__Available data__.
__________

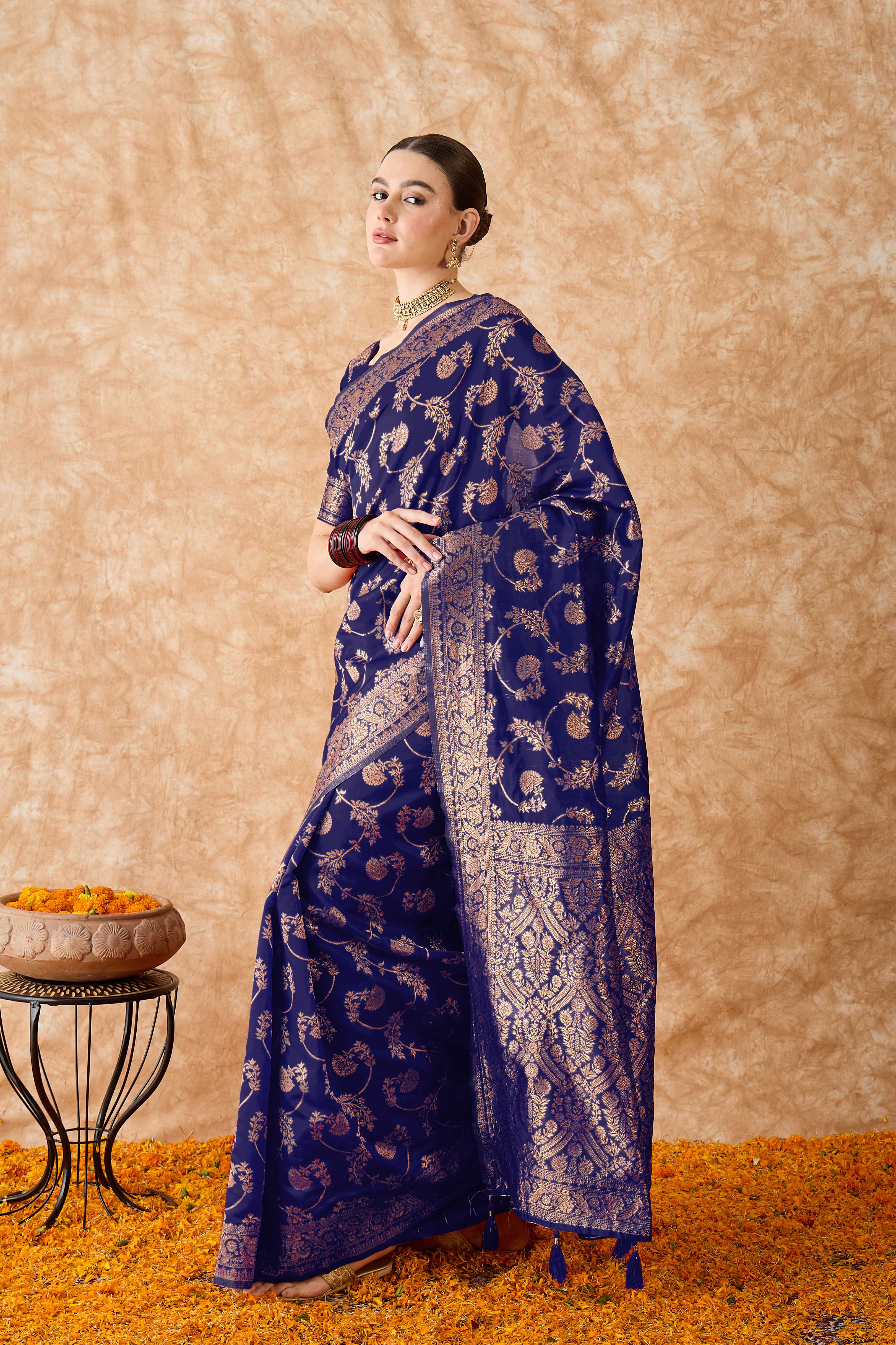 AASTHA FASHION Fashion Dream Womens Navy Blue Banarasi Silk Saree | Soft & Elegant Traditional Wear
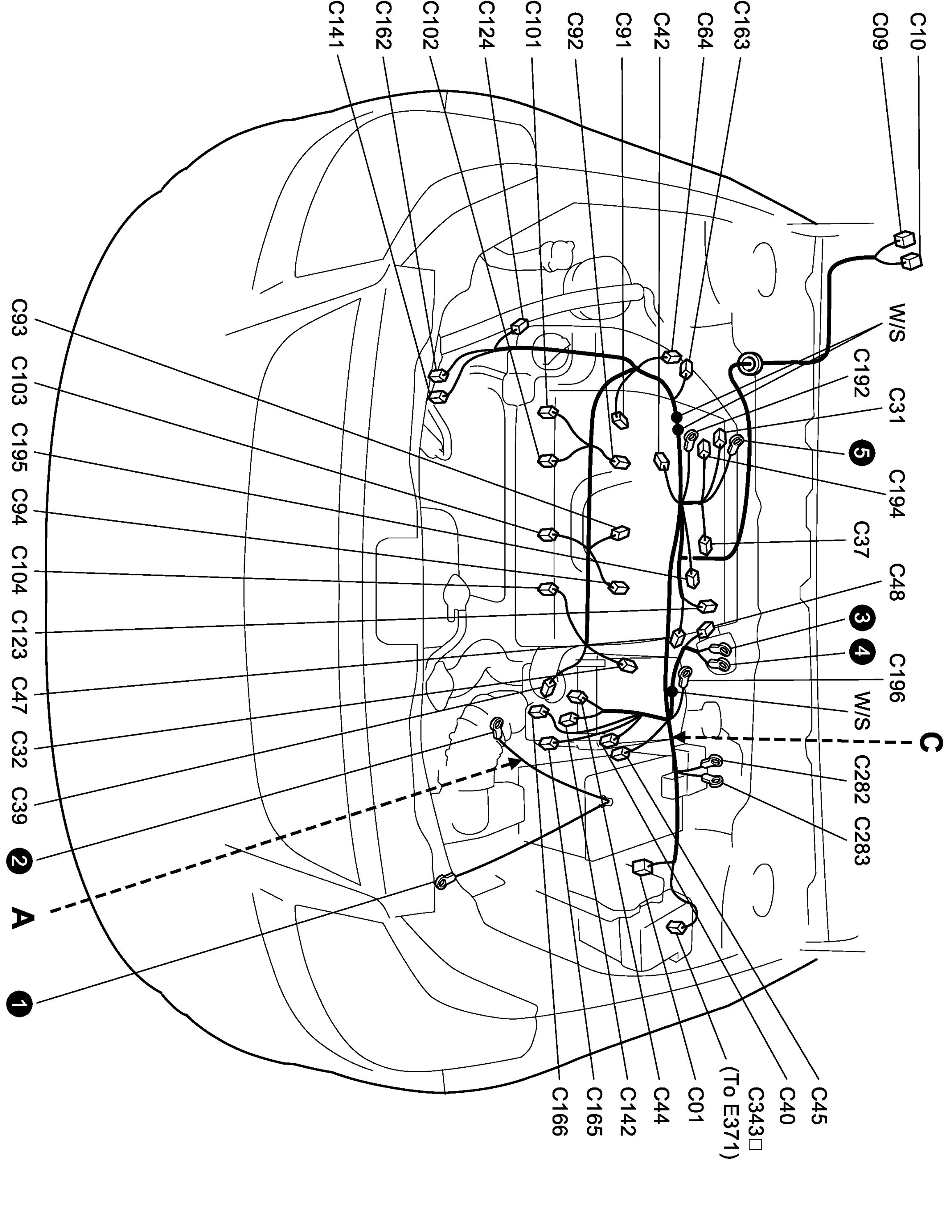 A: Battery Cable / C: Engine Harness
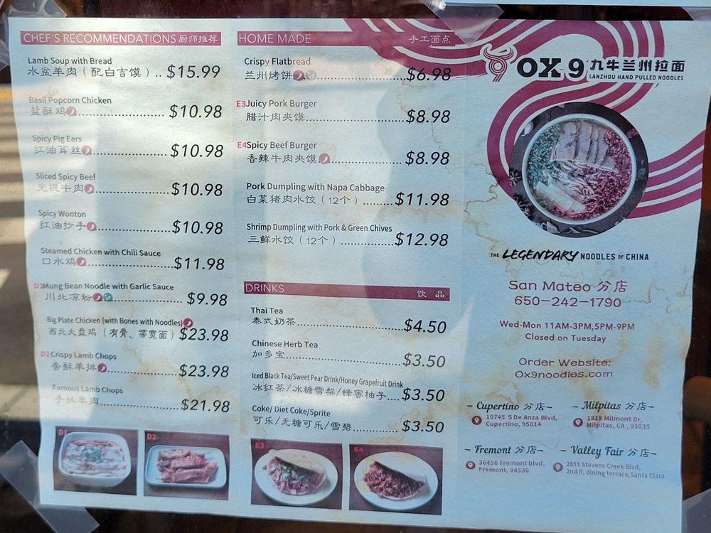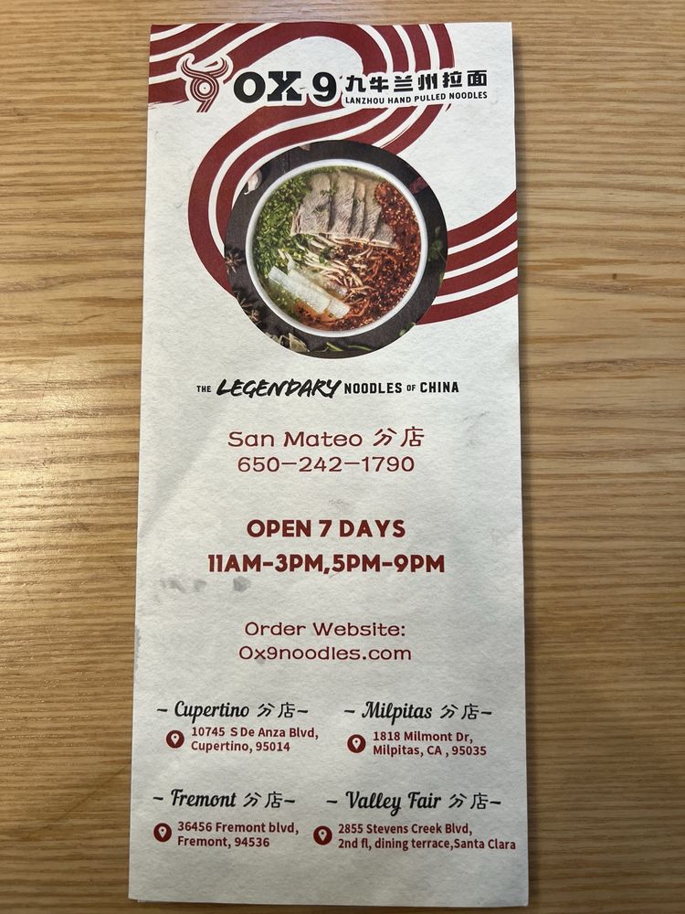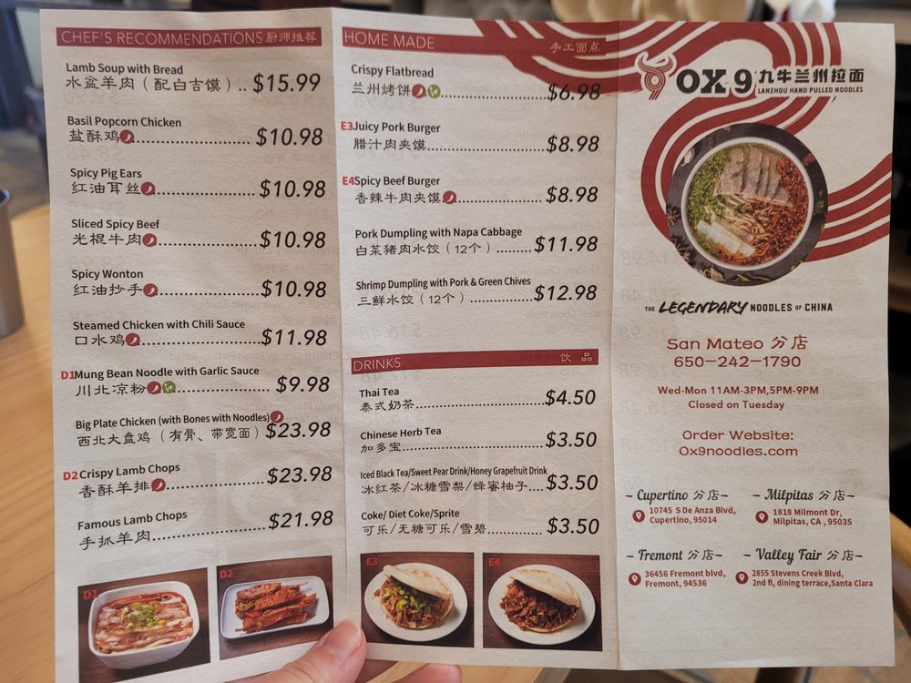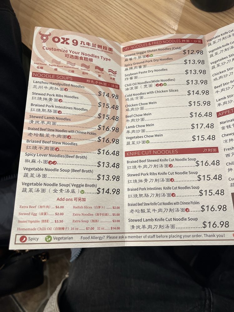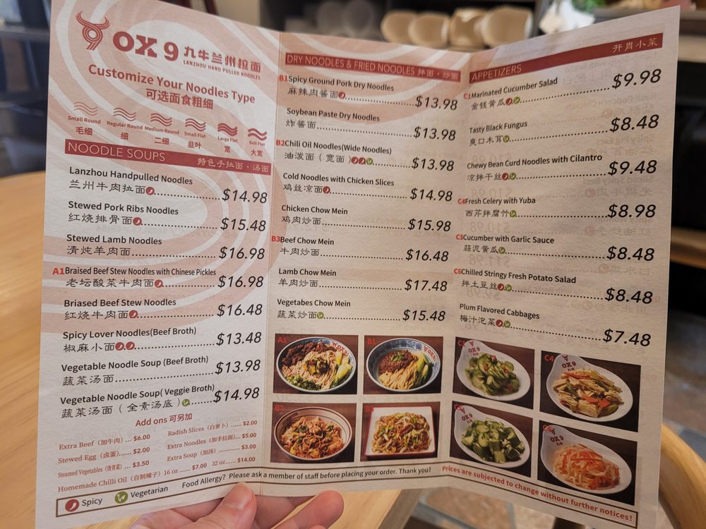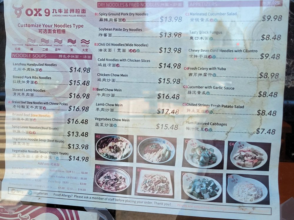 Ox 9 Lanzhou Handpulled Noodles Menu (Update 2025)

__________

__Work request__. Exact copy required, pictures excluded: the lines from the one holding "A: Battery Cable / C: Engine Harness" through the last line of the data, both ends included.

__Your solution__.
 A: Battery Cable / C: Engine Harness
 Ox 9 Lanzhou Handpulled Noodles Menu (Update 2025)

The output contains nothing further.